Palomar - great, simple knot. Retains 100% pound test too. :thumbsup:


----------



## GWally (May 16, 2009)

After lots of frustration and almost giving up, same reason, couldn't get the mono loop through the eye, I stumbled on passing the line through the eye twice also.
Sure would be easier for folks learning it if the descriptions included this "alternative" way.
Great knot. I even use it when I'm spooling my reels now.


----------



## rfh21 (May 17, 2012)

Yeah that tidbit was passed down to me. Passing a loop through the eye can be done on dry ground prepping for a trip but when you are chest deep in water trying to keep your reel dry or tossing around on the waves good luck with it. Glad it helped.


----------



## kandv2000 (May 10, 2012)

Also keep in mind when you pinch a loop to pass it through you loose some strength.


----------



## holicori (Dec 26, 2012)

That part that gets pinched turns into the tag...which gets cut off. So it doesnt matter how hard you pinch.


----------



## willcfish (Jun 11, 2012)

I'll give the double loop palomar a try. Thanks


----------



## thewarhammer (Mar 25, 2012)

If you leave a long tag end and tie a sinker/weight to it it gives you a great way to suspend your live shrimp just above the bottom.....flatties love it.


----------



## grgrobards (Nov 15, 2011)

Palomar has never failed me when working with braid.

Greg


----------



## jbs_bama (May 24, 2010)

I found this knot works well for the smaller size mono lines.


----------



## willcfish (Jun 11, 2012)

I use it on everything I can. Direct to bigger lures I use an improved clinch knot.


----------



## startzc (Feb 4, 2013)

thewarhammer said:


> If you leave a long tag end and tie a sinker/weight to it it gives you a great way to suspend your live shrimp just above the bottom.....flatties love it.

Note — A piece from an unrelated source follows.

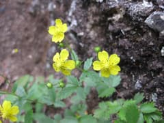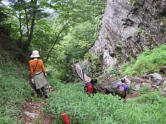 岩場に突き当たって左にトラバースすると、いよいよお山巡りの核心部が始まる。登ったと思ったら、ツル岩・カメ岩の基部から草の生えた急な斜面を下り、桟道を渡る。見上げると覆い被さるように岩壁が峙つ。岩壁には黄色い花が点々と咲いているが、何の花だろう(後日、Mさんにイワキンバイと教わる)。

To add to this, if you also then run the tag back through the top of the hook it will keep the hook point upright. 

Great for light to heavy line, mono, flouro, and especially braid. The guys I fish with use uni and I'll put my palomar up against them any time.





 Ask and you shall receive.


----------



## Sea-nile (Jun 25, 2013)

A palomar feed thru a hook eye from the point side of the hook always works best with circle hooks .Try it both ways and look how the hook sets...Just saying


----------



## 60hertz (Oct 1, 2007)

I prefer to snell my hooks...

http://youtu.be/2zzx0AaNKBg


----------



## GWally (May 16, 2009)

rfh21 said:


> Found that it is much easier to feed the line through the eye then back through again to form the loop. Pretty tough to get mono to shove through a really small hook eye.


 
x2 

Learned this after lots of frustration w/mono. Hard to "pinch" that stuff into a small point .


----------



## willcfish (Jun 11, 2012)

*Line through from the point side for a palomar knot.*

I'll check it out. Thank You


----------



## laboy (Jul 18, 2013)

Check this site out, basic and good pictures

http://www.netknots.com/fishing_knots


----------



## Fleisch (Apr 10, 2012)

I downloaded a app for my iphone called "Fishing Knots" last year. Not only does it have fishing hook knots but other general purpose knots on it as well. It was one one the best $.99 i spent. Whats great about the app is that each knot has a accompanying videos with it . Its great tool to have with your when you are out on the water


----------



## Butler879 (Jun 18, 2012)

Just started tying this knot as opposed to a uni for my heavy mono.


----------